Le vent forcit malheureusement durant la nuit, venant de l'ouest et parfaitement aligné dans l'axe de notre bivouac, emportant avec lui tous nos espoirs d'une nuit reposante. Il est 5h. Au terme de quelques heures d'un sommeil très intermittent, la luminosité croissante nous permet d'assister à ce captivant spectacle de la folle danse des nuages ballottés par un vent débridé et inconstant. Il est 6h. À ce vent fanfaronnant et balayant tout sur son passage (nuages, chaleur corporelle, et perspectives d'un sommeil réparateur), viennent s'ajouter quelques fines averses de neige. Il est 7h. En plus d'avoir froid, on commence à être doucement mouillés. Dans ce genre de moments, on vit un mélange de doutes, de questionnements, et de résignation : que faire, sinon attendre que ça passe ? Il est 8h. Le ciel est toujours bouché et le vent continue sa bruyante farandole. Finie la résignation : les questionnements sont nombreux mais la réponse reste la même : nous devons sortir par la Walker (et les 4 sommets qui la précèdent surtout). De là où nous sommes, cela reste le plus court, le plus sûr, et le plus efficace. La route est encore longue, et cela nous donne le courage d'émerger de notre moite léthargie et faire face à ce qui nous reste. Des questions demeurent (comment va évoluer le vent ? la visibilité va-t-elle s'améliorer ? les Italiens sont-ils partis depuis Canzio comme prévu ou serons-nous les seuls à poursuivre la traversée ?), mais l'objectif reste le même et la confiance en notre cordée intacte : pas de place pour la complainte, c'est nous qui avons choisi de nous embarquer dans une telle aventure ! Un regard de complicité suffit à rallumer le feu en nous, et nous nous élançons pour une journée dont nous savons bien qu'elle sera intense, très intense.
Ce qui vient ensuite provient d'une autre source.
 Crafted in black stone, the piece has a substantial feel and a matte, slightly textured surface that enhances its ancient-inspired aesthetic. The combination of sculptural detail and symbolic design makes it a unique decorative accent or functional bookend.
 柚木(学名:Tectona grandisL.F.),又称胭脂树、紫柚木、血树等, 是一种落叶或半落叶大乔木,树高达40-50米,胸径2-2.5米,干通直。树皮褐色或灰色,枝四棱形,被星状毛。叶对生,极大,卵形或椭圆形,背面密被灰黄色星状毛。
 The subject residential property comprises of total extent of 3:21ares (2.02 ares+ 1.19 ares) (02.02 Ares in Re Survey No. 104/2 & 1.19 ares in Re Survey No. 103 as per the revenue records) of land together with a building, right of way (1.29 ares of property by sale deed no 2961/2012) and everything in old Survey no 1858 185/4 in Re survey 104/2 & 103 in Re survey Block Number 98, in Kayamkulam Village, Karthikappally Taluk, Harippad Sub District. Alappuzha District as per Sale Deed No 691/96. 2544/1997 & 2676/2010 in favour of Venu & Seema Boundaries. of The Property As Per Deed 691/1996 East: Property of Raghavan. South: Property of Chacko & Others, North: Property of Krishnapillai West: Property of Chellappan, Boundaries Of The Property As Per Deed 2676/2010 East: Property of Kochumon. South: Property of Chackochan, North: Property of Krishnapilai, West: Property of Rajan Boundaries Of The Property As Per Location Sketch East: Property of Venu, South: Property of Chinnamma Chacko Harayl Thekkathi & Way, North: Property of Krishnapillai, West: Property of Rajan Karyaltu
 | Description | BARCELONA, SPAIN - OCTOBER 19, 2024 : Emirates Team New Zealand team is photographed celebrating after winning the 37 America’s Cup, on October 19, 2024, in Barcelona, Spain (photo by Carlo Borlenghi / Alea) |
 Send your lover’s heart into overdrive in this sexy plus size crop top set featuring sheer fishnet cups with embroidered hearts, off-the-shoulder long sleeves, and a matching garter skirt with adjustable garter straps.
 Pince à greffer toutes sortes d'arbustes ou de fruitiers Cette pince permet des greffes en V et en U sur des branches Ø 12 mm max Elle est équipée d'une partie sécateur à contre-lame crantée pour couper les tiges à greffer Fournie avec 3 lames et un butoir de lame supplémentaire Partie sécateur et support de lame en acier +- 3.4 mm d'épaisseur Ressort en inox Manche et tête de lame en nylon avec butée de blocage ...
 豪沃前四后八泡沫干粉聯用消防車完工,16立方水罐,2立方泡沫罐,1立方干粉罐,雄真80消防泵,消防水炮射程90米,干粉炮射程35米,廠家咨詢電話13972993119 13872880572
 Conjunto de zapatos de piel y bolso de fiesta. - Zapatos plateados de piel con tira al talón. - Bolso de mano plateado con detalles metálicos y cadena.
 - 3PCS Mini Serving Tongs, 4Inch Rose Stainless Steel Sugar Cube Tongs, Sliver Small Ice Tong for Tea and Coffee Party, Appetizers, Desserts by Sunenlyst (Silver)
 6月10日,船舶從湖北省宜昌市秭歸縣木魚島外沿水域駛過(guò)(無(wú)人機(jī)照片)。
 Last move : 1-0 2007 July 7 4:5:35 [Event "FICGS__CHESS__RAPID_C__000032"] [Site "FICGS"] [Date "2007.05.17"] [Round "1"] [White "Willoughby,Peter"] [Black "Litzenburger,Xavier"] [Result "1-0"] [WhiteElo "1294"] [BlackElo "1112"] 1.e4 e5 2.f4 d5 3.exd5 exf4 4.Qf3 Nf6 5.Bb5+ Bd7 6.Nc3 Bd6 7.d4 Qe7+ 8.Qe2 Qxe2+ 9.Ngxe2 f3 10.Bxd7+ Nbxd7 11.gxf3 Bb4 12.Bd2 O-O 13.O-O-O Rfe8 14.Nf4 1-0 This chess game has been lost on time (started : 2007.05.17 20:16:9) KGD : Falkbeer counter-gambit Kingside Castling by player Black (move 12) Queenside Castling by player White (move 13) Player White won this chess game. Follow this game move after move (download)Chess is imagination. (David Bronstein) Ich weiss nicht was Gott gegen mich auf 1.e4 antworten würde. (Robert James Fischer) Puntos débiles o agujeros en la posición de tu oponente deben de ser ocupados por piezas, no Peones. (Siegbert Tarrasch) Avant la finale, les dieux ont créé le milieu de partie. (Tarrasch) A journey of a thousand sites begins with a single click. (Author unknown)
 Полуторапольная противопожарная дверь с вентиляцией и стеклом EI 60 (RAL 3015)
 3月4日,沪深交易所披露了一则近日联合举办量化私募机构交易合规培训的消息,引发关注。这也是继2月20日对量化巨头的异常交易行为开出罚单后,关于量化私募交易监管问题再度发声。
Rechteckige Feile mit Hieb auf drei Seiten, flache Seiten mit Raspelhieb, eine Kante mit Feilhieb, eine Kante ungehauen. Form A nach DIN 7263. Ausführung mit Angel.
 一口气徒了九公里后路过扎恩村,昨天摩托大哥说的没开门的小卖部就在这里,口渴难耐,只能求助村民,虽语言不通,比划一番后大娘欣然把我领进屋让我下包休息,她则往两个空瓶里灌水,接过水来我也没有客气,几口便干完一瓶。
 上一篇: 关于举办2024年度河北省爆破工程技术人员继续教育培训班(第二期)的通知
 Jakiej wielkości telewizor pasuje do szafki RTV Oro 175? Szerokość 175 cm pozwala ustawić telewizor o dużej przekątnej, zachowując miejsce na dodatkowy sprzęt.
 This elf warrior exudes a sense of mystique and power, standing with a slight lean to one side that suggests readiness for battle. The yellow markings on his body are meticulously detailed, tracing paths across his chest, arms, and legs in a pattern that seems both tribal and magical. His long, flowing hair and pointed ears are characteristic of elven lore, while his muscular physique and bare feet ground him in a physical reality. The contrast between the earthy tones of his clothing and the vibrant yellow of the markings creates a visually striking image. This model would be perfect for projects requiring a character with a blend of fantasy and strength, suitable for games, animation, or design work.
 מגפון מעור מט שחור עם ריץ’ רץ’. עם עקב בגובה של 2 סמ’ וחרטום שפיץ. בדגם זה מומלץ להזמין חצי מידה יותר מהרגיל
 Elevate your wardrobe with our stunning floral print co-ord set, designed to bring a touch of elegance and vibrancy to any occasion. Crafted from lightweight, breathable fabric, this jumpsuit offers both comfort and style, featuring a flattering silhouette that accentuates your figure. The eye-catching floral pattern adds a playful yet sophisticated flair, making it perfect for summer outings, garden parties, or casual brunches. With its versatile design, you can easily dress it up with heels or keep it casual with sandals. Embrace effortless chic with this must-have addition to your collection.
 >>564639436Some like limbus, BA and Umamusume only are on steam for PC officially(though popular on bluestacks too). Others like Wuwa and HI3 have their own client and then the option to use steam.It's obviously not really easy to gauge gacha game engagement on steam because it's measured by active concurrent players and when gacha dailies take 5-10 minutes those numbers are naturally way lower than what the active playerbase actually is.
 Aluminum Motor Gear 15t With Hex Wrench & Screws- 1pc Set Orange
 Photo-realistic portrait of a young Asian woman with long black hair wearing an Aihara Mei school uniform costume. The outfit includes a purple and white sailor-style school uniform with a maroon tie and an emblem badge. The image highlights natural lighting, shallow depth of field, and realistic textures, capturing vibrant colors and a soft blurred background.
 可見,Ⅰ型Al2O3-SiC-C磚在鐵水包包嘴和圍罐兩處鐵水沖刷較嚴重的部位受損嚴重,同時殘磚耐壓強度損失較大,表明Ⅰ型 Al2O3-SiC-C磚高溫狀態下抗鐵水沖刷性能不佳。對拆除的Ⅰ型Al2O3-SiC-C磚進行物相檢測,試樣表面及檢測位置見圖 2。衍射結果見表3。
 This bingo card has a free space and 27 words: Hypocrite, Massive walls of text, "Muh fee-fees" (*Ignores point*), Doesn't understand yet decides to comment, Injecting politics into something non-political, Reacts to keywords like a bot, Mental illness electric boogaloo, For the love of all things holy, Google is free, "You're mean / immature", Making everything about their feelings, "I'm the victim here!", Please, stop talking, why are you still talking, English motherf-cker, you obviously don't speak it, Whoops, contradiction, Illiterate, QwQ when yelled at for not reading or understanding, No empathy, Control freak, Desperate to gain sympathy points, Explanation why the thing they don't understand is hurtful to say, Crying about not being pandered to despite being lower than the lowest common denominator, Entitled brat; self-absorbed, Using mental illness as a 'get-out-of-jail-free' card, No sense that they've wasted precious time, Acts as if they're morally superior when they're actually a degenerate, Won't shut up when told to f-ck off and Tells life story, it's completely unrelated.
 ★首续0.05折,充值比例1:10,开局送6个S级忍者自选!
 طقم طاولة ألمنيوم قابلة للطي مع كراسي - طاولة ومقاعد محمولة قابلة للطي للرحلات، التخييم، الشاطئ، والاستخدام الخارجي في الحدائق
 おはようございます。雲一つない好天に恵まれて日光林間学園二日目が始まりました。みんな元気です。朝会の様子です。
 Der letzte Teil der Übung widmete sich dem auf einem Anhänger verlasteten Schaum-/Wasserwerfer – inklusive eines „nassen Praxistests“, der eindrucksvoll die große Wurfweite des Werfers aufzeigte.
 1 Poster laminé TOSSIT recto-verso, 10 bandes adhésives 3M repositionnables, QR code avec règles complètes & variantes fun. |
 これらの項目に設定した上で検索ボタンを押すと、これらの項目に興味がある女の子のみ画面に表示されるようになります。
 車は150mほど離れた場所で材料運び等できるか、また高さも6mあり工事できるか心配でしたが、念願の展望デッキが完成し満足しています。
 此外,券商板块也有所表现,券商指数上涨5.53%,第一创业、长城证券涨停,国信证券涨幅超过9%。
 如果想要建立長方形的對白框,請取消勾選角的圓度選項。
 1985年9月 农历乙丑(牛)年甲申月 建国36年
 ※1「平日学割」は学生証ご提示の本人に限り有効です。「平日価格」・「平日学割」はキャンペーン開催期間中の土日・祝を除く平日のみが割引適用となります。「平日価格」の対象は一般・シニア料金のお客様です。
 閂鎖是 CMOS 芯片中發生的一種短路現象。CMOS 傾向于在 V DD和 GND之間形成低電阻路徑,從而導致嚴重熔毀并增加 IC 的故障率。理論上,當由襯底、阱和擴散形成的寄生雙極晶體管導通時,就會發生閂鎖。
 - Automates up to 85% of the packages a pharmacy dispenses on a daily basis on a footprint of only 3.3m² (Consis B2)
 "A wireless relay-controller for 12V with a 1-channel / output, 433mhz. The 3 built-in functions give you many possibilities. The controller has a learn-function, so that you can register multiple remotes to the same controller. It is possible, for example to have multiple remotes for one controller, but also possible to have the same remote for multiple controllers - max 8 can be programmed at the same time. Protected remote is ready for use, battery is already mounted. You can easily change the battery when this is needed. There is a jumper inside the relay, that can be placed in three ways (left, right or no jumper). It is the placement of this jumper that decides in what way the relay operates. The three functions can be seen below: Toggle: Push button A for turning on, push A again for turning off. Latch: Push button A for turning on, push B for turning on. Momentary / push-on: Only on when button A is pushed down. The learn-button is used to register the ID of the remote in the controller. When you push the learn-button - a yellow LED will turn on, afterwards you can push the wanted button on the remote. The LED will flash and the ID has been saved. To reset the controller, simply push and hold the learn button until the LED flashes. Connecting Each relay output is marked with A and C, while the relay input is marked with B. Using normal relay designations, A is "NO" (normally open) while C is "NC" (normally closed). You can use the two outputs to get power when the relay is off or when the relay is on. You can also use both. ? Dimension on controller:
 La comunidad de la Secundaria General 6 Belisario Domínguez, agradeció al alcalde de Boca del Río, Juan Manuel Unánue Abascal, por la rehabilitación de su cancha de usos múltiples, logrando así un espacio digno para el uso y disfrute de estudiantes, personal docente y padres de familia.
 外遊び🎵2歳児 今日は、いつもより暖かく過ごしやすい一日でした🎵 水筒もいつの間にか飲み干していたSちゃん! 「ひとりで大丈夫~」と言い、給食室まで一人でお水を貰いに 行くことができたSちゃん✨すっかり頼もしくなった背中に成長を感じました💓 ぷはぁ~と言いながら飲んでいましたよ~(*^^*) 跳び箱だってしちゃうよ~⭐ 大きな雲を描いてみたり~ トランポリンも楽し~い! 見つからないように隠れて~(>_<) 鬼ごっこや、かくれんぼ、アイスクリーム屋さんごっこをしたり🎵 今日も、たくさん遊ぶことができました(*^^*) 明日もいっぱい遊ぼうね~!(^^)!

Il est 9h, et nous nous attaquons aux deux longueurs (superbe dièdre/fissure en 4c) qui nous mènent au sommet de la Pointe Marguerite (4065m), les doigts glacés mais le visage rayonnant. À partir de là, les cieux s'ouvrent pour nous, et une providentielle accalmie nous laisse cheminer sur la splendide arête (aérienne mais en excellent rocher compact !) qui mène à la Pointe Hélène (4045m). Le plaisir est de nouveau au rendez-vous : les nuages se dispersent, le vent se calme, le soleil nous réchauffe, et nous progressons pleins d'entrain vers la Pointe Croz (4110m). Les vires sont remplies de neige mais l'arête est globalement sèche, nous permettant d'avancer à une allure correcte. Une fois la Pointe Whymper (4184m) atteinte, on se permet une bonne pause, à l'abri du vent, sachant que la descente sera encore très longue, et pour laisser la cordée italienne se rapprocher de nous. En quelques minutes, nous gravissons la pente de neige qui nous sépare de la Pointe Walker (4208m), et de là, nous savourons pleinement la réussite de cette première partie de notre traversée. Il est 14h, mais la course est loin d'être finie.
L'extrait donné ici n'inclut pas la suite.